[Date Prev][Date Next]   [Thread Prev][Thread Next]   [Thread Index] [Date Index] [Author Index]

Re: [Linux-cluster] Some nodes won't join after being fenced



We seem to have found part of the culprit.
 
We're using an Extreme switch that handles all of our traffic in seperate VLAN's, and the IGMP bits of the ExtremeOS seem to be interfering with the clusters ability to recover itself from such an episode.
 
At the moment we're leaning towards the Juniper switch as we moved to an identically configured (as far as ports and VLANs go) Juniper EX-4200 and the cluster was able to recover itself with a single node (of nine) being fenced.
 
While on the Extreme, each node needed to be fenced in turn for the cluster to be able to recover fully.  This means each node being able to mount the GFS mount r/w and actually be able to write and delete test files on the mount point.
 
Our testing continues and we're trying to come up with "real" evidence such as proof that some parts of the multicast traffic are or aren't being dealt with properly.  So far the empirical evidence suggests the above conclusions.
 
-ted

 
On 7/31/08, Brandon Young <bkyoung gmail com> wrote:
I have occasionally run into this problem, too.  I have found that sometimes I can work around the problem by chkconfig'ing clvmd,cman,and rgmanager off, rebooting, then manually starting cman, rgmanager, clvmd (in that order).  Usually, after that, I am able to fence the node(s) and they will rejoin automatically (after re-enabling automatic startup with chkconfig, of course).  I know this workaround doesn't explain *why* it happens, but it has more than once helped me get my cluster nodes back online without having to reboot all the nodes.

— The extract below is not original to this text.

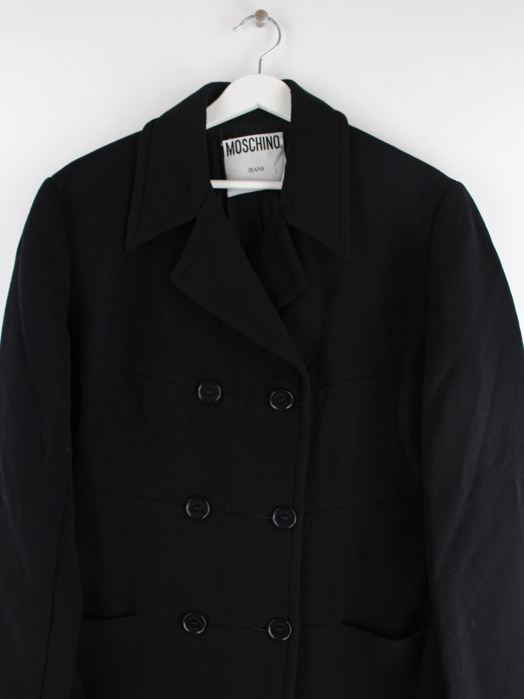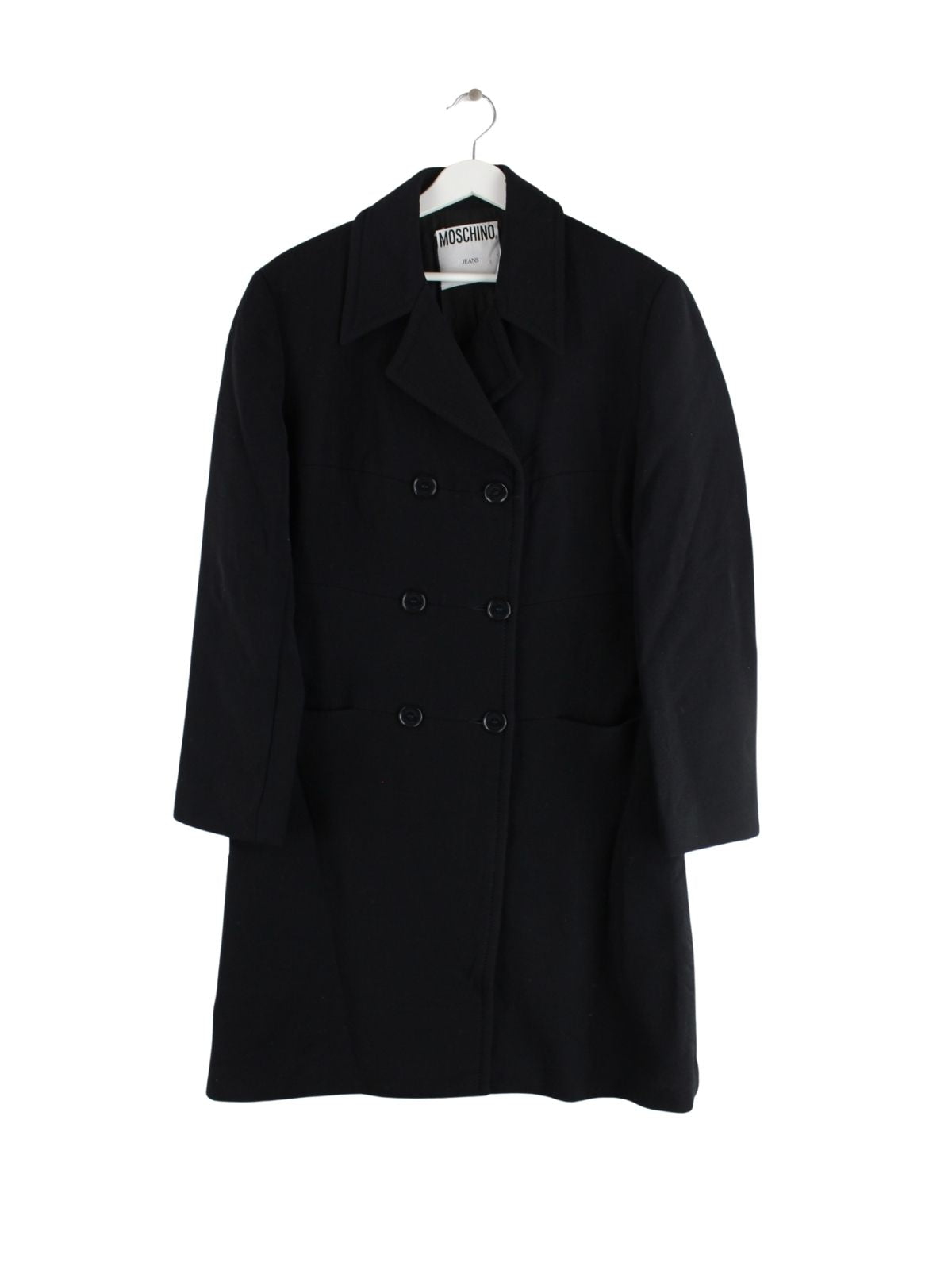 Schwarzer Mantel vom Brand Moschino in Größe M. Er ist aus einer Baumwollmischung produziert und in sehr gutem Zustand auf Lager.

On Thu, Jul 31, 2008 at 1:42 PM, Mailing List <ml adamdein com> wrote:
Hello,

I currently have a 9 node centos 5.1 cman/gfs cluster which I've managed to break.

It is broken in almost exactly the same way as stated in these two previous threads:

http://www.spinics.net/lists/cluster/msg10304.html
http://www.redhat.com/archives/linux-cluster/2008-May/msg00060.html

However, I can find no resolution in the archives. My only guaranteed resolution at this point is a cold restart of all nodes which to me seems ridiculous (ie: I'm missing something).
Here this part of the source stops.